Privacy is an issue that stems from the personalized experience. No one would want their private hobbies uploaded for corporate use without their knowledge. One of the great advantages of AI on the PC side is that there is no need to connect to the cloud, so there is no risk of privacy leakage. Our program will only touch the hobby information of the individual user on each PC side.

In this project, we aim to build an end-to-end audio generation model on an AMD Ryzen™ 9 7940HS Processor and its accompanying software, AMD Vitis™ AI, with the powerful PC provided by AMD. The processor of AI-PC can provide powerful arithmetic support and deliver high computing performance. The development software platform provides a developer-friendly environment for building AI solutions on the related AMD GPU hardware. It also supports standard frameworks such as PyTorch and TensorFlow, which is much more convenient for developers to deploy the model.

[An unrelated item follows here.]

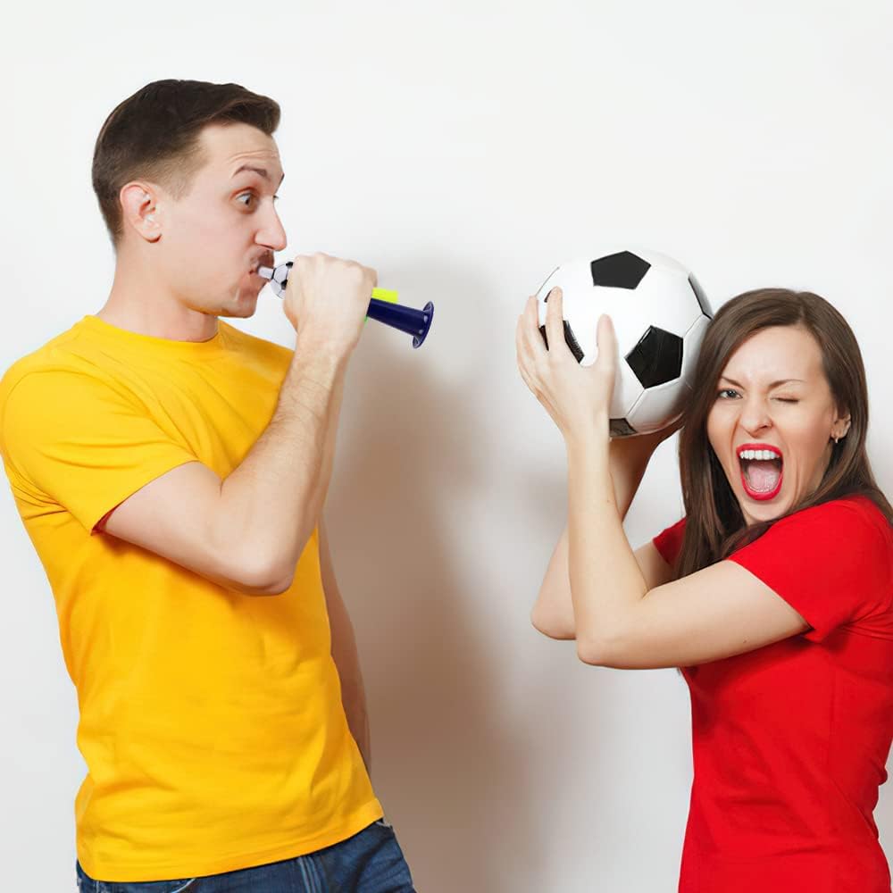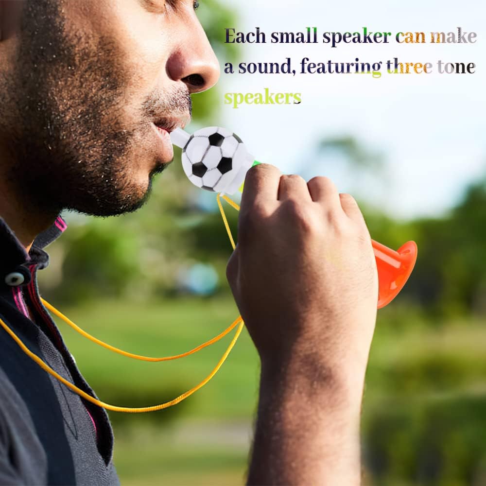 1.⚽【Dimensioni del Prodotto】 Questo corno da calcio è lungo 19 CM e largo 7 CM, leggero e piccolo, il che lo rende facile da trasportare. Puoi portarlo con te per guardare le partite e fare il tifo per la tua squadra. 2.🏀【Il volume è Giusto】 Il volume di questa tromba di plastica bambini non è né troppo alto per causare fastidio all'orecchio né troppo basso per sentirsi impercettibile. Il giusto volume protegge le tue orecchie e attira l'attenzione degli altri. 3.🏈【Alta Qualità】 Questi cheer tromba da calcio per fans sono realizzati in plastica sicura e non tossica, che è resistente e durevole, superficie liscia e non danneggia il corpo umano. Adatto ad adulti e bambini di tutte le età. 4.🥎【Facile da Trasportare】 Il corno musicale giocattolo per bambini adotta un design a forma di pallone da calcio nuovo e unico. Ogni vuvuzela a fiato è dotato di una corda in modo da poterlo appendere al collo senza preoccuparti di perderlo. 5.🏐【Ampiamente Usato】 Non solo puoi usare questo tromba giocattolo per tifare per la squadra che sostieni, può anche essere usato come regalo e giocattolo per una festa di compleanno a tema calcio per bambini, e chiunque ami il calcio lo adorerà.

Music can affect people's mood [1].

Project Overview

Our project is developed as the figure shows:

The overview flow of our project.

The main goal of the project is to alleviate brain fatigue and insomnia through music therapy, so we chose to help users achieve better mental relaxation and sleep quality by generating comfortable music. To achieve this goal, we utilized the principles of music therapy and advanced artificial intelligence techniques, and we chose the WaveNet model, which can generate high-quality audio, as our base modeling framework.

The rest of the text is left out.